§ What you are asked to do: Output must consist only of the lines of the material below from the one with "鼎鼎大名的班尼迪克蛋,是19" through the one with "2017年6月5日,為答謝國", each reproduced exactly; no pictures belong in it.

§ Record excerpts:
----------------------------------------

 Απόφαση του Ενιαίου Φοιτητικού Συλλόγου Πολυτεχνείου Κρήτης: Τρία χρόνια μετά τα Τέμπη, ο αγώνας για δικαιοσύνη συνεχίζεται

----------------------------------------

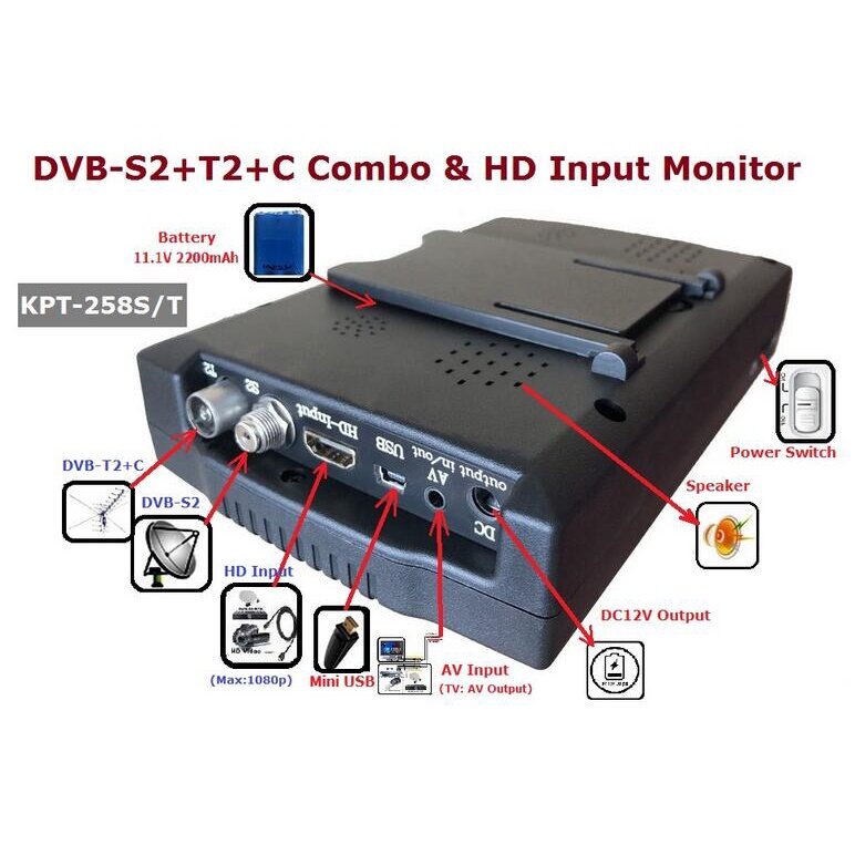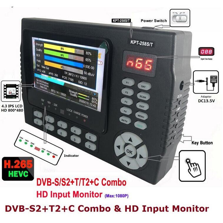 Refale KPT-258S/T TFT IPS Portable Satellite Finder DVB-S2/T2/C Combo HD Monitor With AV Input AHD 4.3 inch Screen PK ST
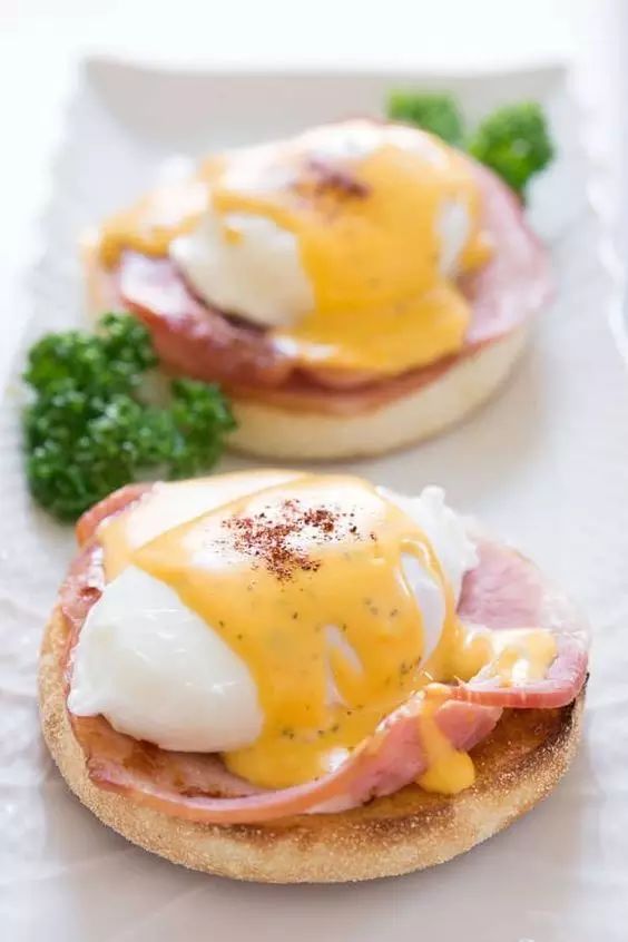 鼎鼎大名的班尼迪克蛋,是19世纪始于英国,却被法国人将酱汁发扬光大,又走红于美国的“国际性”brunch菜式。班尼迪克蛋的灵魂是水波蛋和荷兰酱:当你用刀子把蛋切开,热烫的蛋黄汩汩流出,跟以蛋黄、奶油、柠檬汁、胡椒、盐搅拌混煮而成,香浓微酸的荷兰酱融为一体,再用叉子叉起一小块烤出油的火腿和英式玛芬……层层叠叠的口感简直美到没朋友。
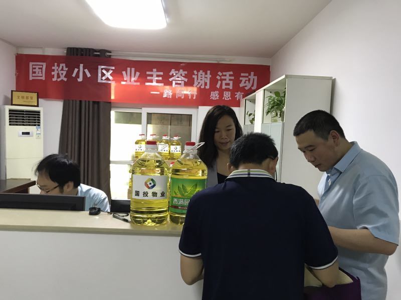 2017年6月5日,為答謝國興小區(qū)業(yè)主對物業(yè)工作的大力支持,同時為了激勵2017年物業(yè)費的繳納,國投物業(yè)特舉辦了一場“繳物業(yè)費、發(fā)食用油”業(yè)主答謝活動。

----------------------------------------

§ Solution:
 鼎鼎大名的班尼迪克蛋,是19世纪始于英国,却被法国人将酱汁发扬光大,又走红于美国的“国际性”brunch菜式。班尼迪克蛋的灵魂是水波蛋和荷兰酱:当你用刀子把蛋切开,热烫的蛋黄汩汩流出,跟以蛋黄、奶油、柠檬汁、胡椒、盐搅拌混煮而成,香浓微酸的荷兰酱融为一体,再用叉子叉起一小块烤出油的火腿和英式玛芬……层层叠叠的口感简直美到没朋友。
 2017年6月5日,為答謝國興小區(qū)業(yè)主對物業(yè)工作的大力支持,同時為了激勵2017年物業(yè)費的繳納,國投物業(yè)特舉辦了一場“繳物業(yè)費、發(fā)食用油”業(yè)主答謝活動。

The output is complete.